Confessions of a Yakuza
- Author: Junichi Saga
- Original title: 浅草博徒一代 Asakusa bakuto ichidai
- Translator: John Bester
- Language: English
- Genre: Memoir
- Publisher: Kodansha
- Publication date: 1989
- Publication place: Japan
- Media type: Print
- Pages: 253 pp
- ISBN: 4-7700-1948-3
- OCLC: 32783016

= Confessions of a Yakuza =

1989 novel by Junichi Saga

Confessions of a Yakuza (浅草博徒一代, Asakusa bakuto ichidai) is a 1989 book by Japanese doctor and author Junichi Saga. It recounts a series of stories from the life of his patient Eiji Ijichi, a former Yakuza boss, as told in the last months of his life.
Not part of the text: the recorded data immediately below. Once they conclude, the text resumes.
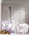 Cotton Box 3D Nakışlı Saten Çift Kişilik Nevresim Takımı Mita Lila
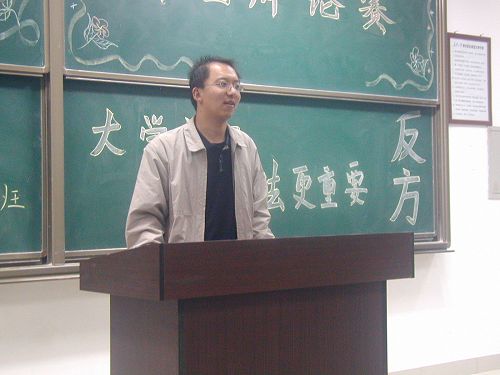 由长安大学地测学院团委学生会主办、地测学院科技协会承办,地测学院08届新生辩论赛决赛于2008年11月20日晚上7:00时在长安大学渭水校区明远3201教室举行。到场嘉宾和评委有地测学院朱老师、孟老师,汽车学院魏老师,校团委朱老师,建工学院王老师和地测学院团委学生会各常委。汽车学院评委魏老师对此场辩论赛做了精彩点评。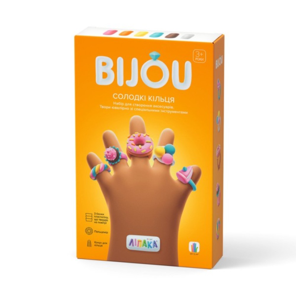 Набір пластиліну, що самостійно твердіє, ЛІПАКА – БІЖУТЕРІЯ: СОЛОДКІ КІЛЬЦЯ – розважить і малюків, і дорослих. За допомогою анімаційних інструкцій в додатку HEY CLAY, Ви зможете зліпити милі солодкі кільця. А завдяки компактним розмірам, набір зручно брати з собою. Пластилін твердіє на повітрі протягом 24 годин, після чого можна гратися створеними фігурками.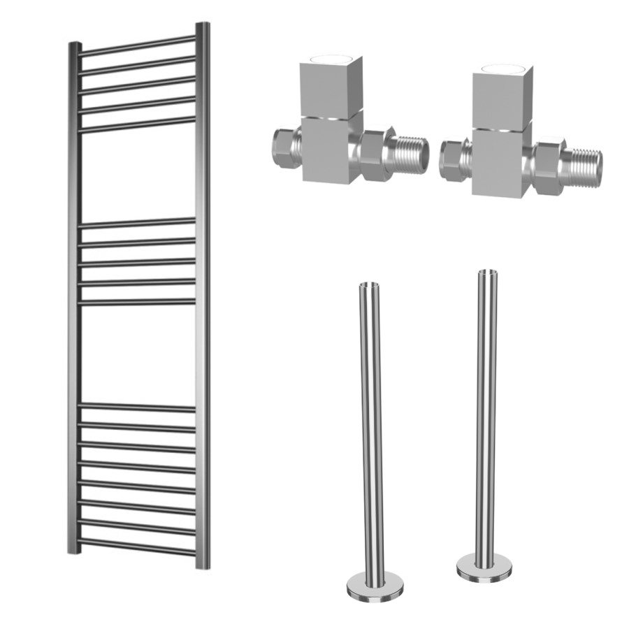Manufactured from quality steel with a corrosion-resistant chrome plating, this towel rail is built to withstand typical bathroom humidity and everyday use. The included chrome pipe sleeve covers hide exposed pipework between the valves and floor for a refined, professional finish. Complementing this kit, the chrome square straight radiator valves complete the coordinated look with a subtle modern touch.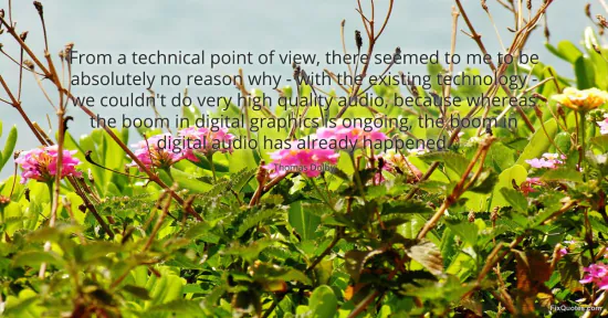 "From a technical point of view, there seemed to me to be absolutely no reason why - with the existing technology - we couldn't do very high quality audio, because whereas the boom in digital graphics is ongoing, the boom in digital audio has already happened." FixQuotes, 16 Jan. 2026, https://fixquotes.com/quotes/from-a-technical-point-of-view-there-seemed-to-me-90484/. Accessed 13 Feb. 2026.

The book starts with the teenage Ijichi running away from his family home in Utsunomiya to Tokyo, to find a judge's mistress who he was having an affair with. The book follows Ijichi through his first job at a family coal merchant in the then district of Fukagawa, his various mistresses and treatment for syphilis, the 1923 Great Kantō earthquake, his initiation into the gang that controlled gambling in the Asakusa entertainment area, his various stretches in prison, his overseas service in occupied Korea in the 1920s, his rise to the boss of the gang, and his experiences during and after World War II.

The book paints a colorful picture of life in Japan in the first half of the 20th century, the structure and customs of a yakuza gang, gambling sessions, prison, and army life.

The English translation of the book by John Bester was initially published by Kodansha under the title The Gambler's Tale: A Life in Japan's Underworld.

== Principal characters ==
Eiji Ijichi: A dying Yakuza boss in his 70s who recounts various stories from his past to his doctor.

Junichi Saga: Ijichi's doctor, who spent many hours with Ijichi for months towards the end of his life, taping his reminiscences. Saga's main role in the book is to introduce some of the stories with descriptions of the older Ijichi as he recounts them.

== Influence on Bob Dylan ==

It was reported that some lines from Bob Dylan's 2001 album Love and Theft were "borrowed" from the book for songs.
Some examples appeared in an article published in Journal, which indicated a line from "Floater" ("I'm not quite as cool or forgiving as I sound") was traced to a line in the book, which said "I'm not as cool or forgiving as I might have sounded." Another line from "Floater" is "My old man, he's like some feudal lord." The beginning of the book contains the line "My old man would sit there like a feudal lord."

When informed of the possibility that Dylan had lifted material from the book, Saga said he was honored that Dylan might have read and been inspired by Confessions of a Yakuza. He said "Please say hello to Bob Dylan for me because I am very flattered and very happy to hear this news."

Dylan has admitted to quoting the lines, but claims that such quotations are done to "enrich" folk and jazz music.